---------- Information supplied
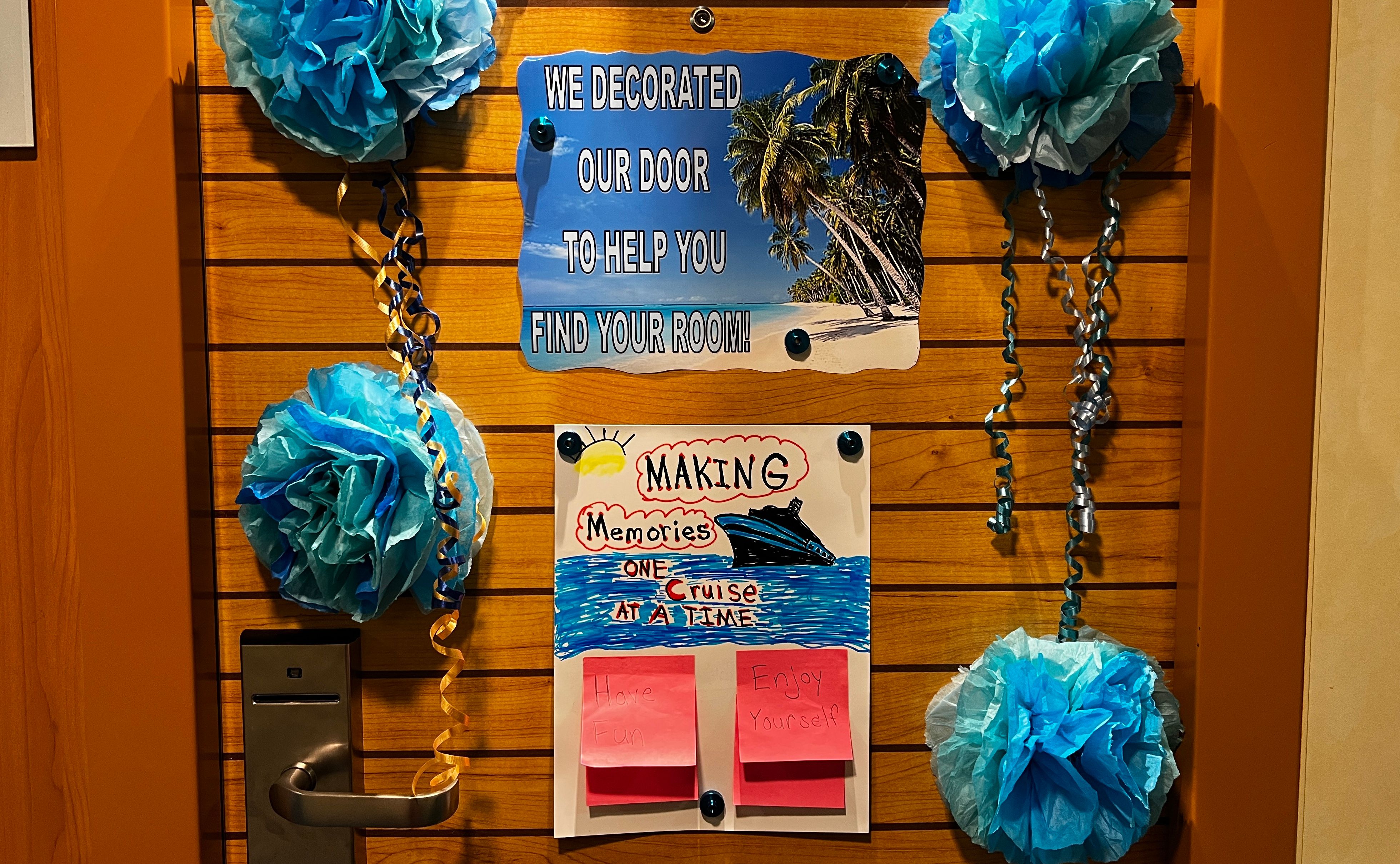 多くの人にとって、ステートルームのドアを華やかにするのはクルーズの伝統です。誕生日、記念日、その他の特別な日を祝うのに最適な方法です。また、ドアをパーソナライズすると、バハマママを数回使用した後にすべてのドアが同じように見え始めたときに、キャビンを見つけやすくなります。
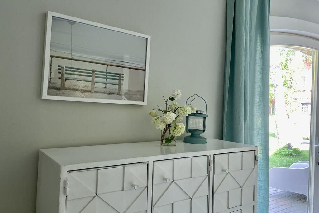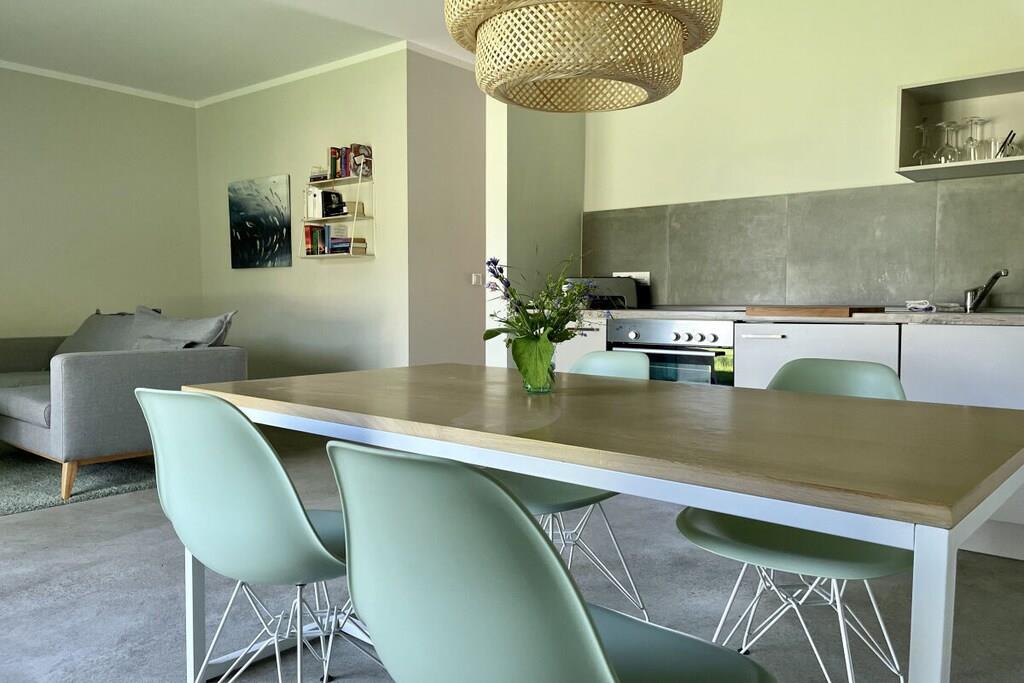 Unsere fünf bezaubernden Ferienwohnungen auf Hof Himmelgrün sind liebevoll und modern eingerichtet und sind ein idealer Rückzugsort, um einen entspannten Urlaub zu geniessen. Die Ferienwohnung VIER besticht durch einen großzügig geschnittenen Wohn- und Essbereich, der ausreichend Platz zum Essen, Verweilen und Spielen bietet. Die Einbauküche ist komplett ausgestattet - frische Kräuter können im Garten geerntet werden. Der (Eltern-) Schlafbereich liegt im hinteren Bereich der Ferienwohnung. Von hier aus bietet sich ein weiter Blick auf Feld und Wald. Man gelangt durch eine Tür direkt in den Garten. Dort befinden sich Gartenmöbel und Sonnenschirm - ein idyllischer Platz um entspannt zu frühstücken oder den Tag bei einem Glas Wein ausklingen zu lassen. Ein weiteres Doppelbett (140cm) befindest sich in einem separaten Schlafzimmer. Das Bad ist mit einer ebenerdigen großen Dusche sowie WC und Waschtisch ausgestattet. Bettwäsche und Handtücher gehören zur Ausstattung unserer Ferienwohnungen. Unseren Gästen steht ein großzügiger Garten mit Grillmöglichkeiten und Feuerstelle zur Verfügung. Familien mit Kindern sind herzlich willkommen. Die große Wiese bietet einen Sandkasten, Tischtennisplatte, Trampolin und viel Platz für Ballspiele. In der Nachbarschaft befindet sich ein Bio-Hofladen sowie eine Töpferei. Der Saaler Bodden ist ein Paradies für Wassersportler und bietet hervorragende Bedingungen zum Surfen und Kiten.
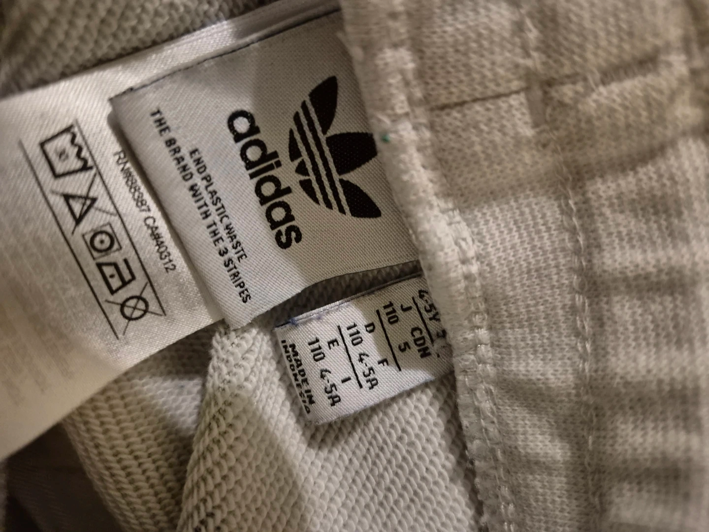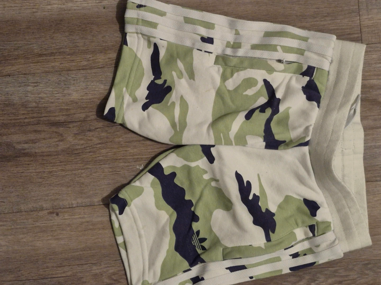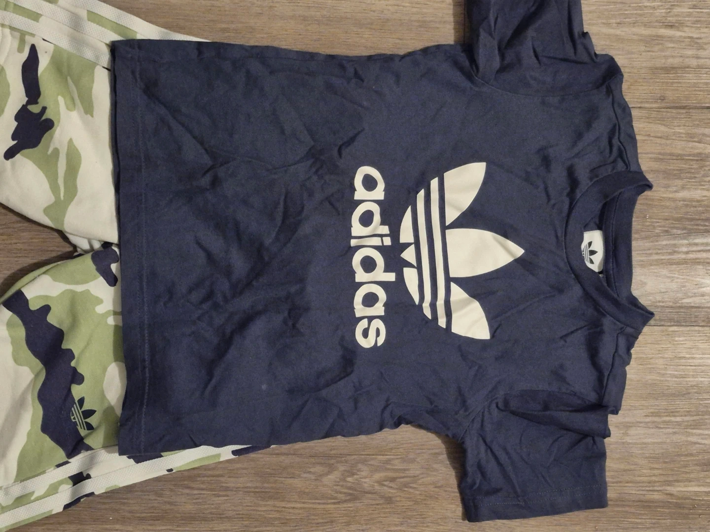 An Adidas kids' set featuring camouflage patterned shorts and a navy t-shirt with the iconic trefoil logo. Shorts are size 4-5Y / 110cm. T-shirt is also size 4-5Y / 110cm. Both are made of soft cotton blend.
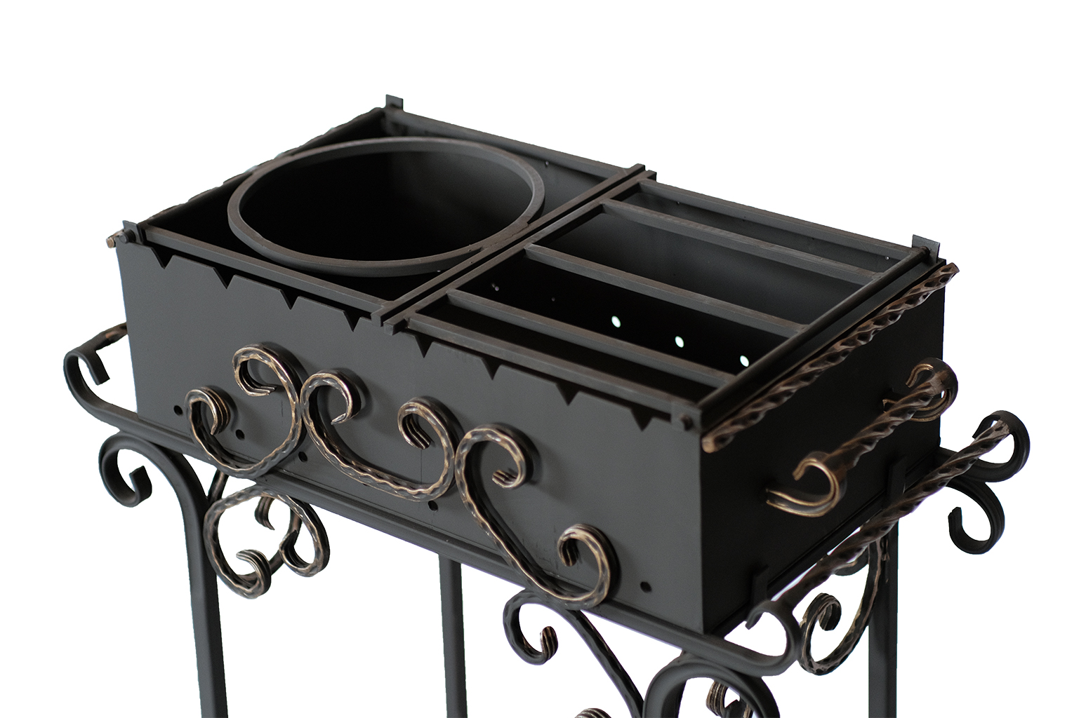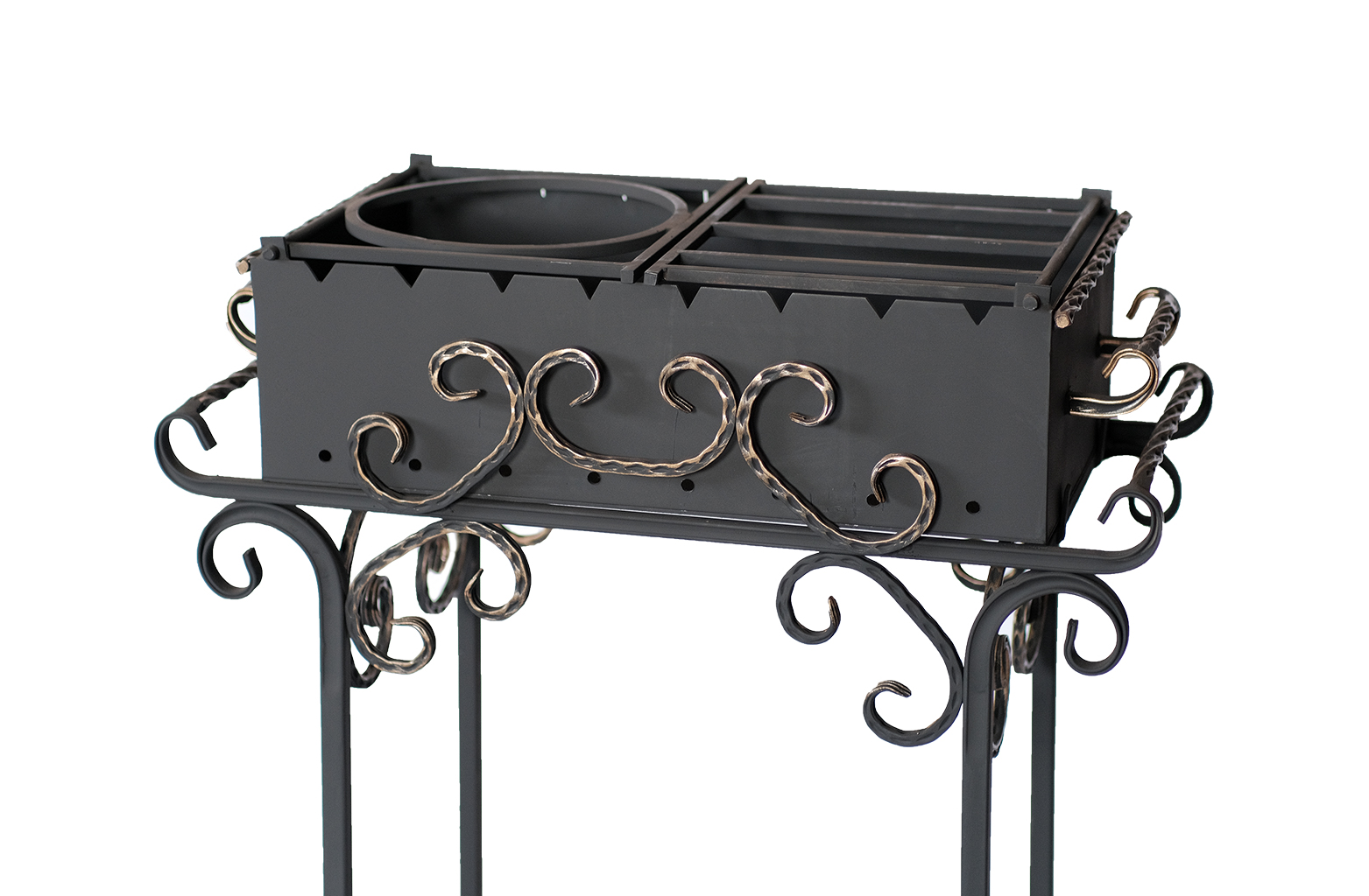 Мангал 01 — стационарная модель для приготовления пищи на открытом воздухе. Изделие выполнено из жаростойкой стали, что обеспечивает его долговечность и устойчивость к высоким температурам.
--------------------
▶ [Exercise description]: Please give the data above again in exact form and omit every picture.

▶ [Answer to the problem]:
 多くの人にとって、ステートルームのドアを華やかにするのはクルーズの伝統です。誕生日、記念日、その他の特別な日を祝うのに最適な方法です。また、ドアをパーソナライズすると、バハマママを数回使用した後にすべてのドアが同じように見え始めたときに、キャビンを見つけやすくなります。
 Unsere fünf bezaubernden Ferienwohnungen auf Hof Himmelgrün sind liebevoll und modern eingerichtet und sind ein idealer Rückzugsort, um einen entspannten Urlaub zu geniessen. Die Ferienwohnung VIER besticht durch einen großzügig geschnittenen Wohn- und Essbereich, der ausreichend Platz zum Essen, Verweilen und Spielen bietet. Die Einbauküche ist komplett ausgestattet - frische Kräuter können im Garten geerntet werden. Der (Eltern-) Schlafbereich liegt im hinteren Bereich der Ferienwohnung. Von hier aus bietet sich ein weiter Blick auf Feld und Wald. Man gelangt durch eine Tür direkt in den Garten. Dort befinden sich Gartenmöbel und Sonnenschirm - ein idyllischer Platz um entspannt zu frühstücken oder den Tag bei einem Glas Wein ausklingen zu lassen. Ein weiteres Doppelbett (140cm) befindest sich in einem separaten Schlafzimmer. Das Bad ist mit einer ebenerdigen großen Dusche sowie WC und Waschtisch ausgestattet. Bettwäsche und Handtücher gehören zur Ausstattung unserer Ferienwohnungen. Unseren Gästen steht ein großzügiger Garten mit Grillmöglichkeiten und Feuerstelle zur Verfügung. Familien mit Kindern sind herzlich willkommen. Die große Wiese bietet einen Sandkasten, Tischtennisplatte, Trampolin und viel Platz für Ballspiele. In der Nachbarschaft befindet sich ein Bio-Hofladen sowie eine Töpferei. Der Saaler Bodden ist ein Paradies für Wassersportler und bietet hervorragende Bedingungen zum Surfen und Kiten.
 An Adidas kids' set featuring camouflage patterned shorts and a navy t-shirt with the iconic trefoil logo. Shorts are size 4-5Y / 110cm. T-shirt is also size 4-5Y / 110cm. Both are made of soft cotton blend.
 Мангал 01 — стационарная модель для приготовления пищи на открытом воздухе. Изделие выполнено из жаростойкой стали, что обеспечивает его долговечность и устойчивость к высоким температурам.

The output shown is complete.